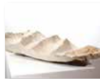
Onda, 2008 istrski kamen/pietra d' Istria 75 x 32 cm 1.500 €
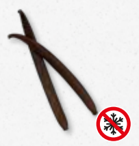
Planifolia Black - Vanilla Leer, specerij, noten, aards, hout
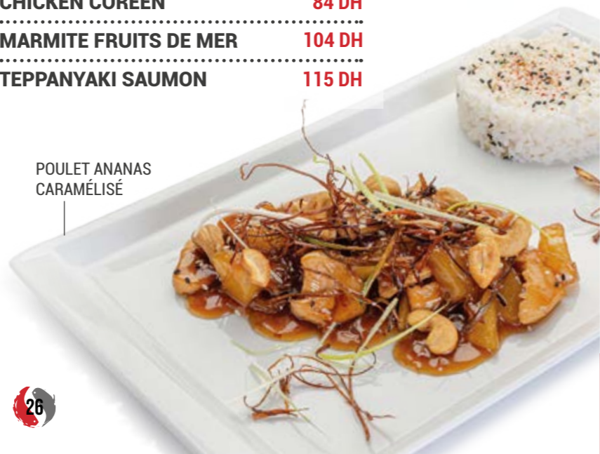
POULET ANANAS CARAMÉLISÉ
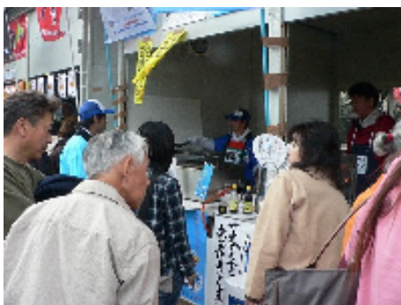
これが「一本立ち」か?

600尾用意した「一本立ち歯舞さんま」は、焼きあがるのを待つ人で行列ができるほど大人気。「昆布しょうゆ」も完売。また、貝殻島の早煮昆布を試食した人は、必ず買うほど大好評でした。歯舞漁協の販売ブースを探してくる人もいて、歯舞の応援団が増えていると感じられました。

*Description of the task*. Every entry above, pictures excluded, needs to be duplicated exactly.

*Answer for the task*.
Onda, 2008 istrski kamen/pietra d' Istria 75 x 32 cm 1.500 €
Planifolia Black - Vanilla Leer, specerij, noten, aards, hout
POULET ANANAS CARAMÉLISÉ
これが「一本立ち」か?

600尾用意した「一本立ち歯舞さんま」は、焼きあがるのを待つ人で行列ができるほど大人気。「昆布しょうゆ」も完売。また、貝殻島の早煮昆布を試食した人は、必ず買うほど大好評でした。歯舞漁協の販売ブースを探してくる人もいて、歯舞の応援団が増えていると感じられました。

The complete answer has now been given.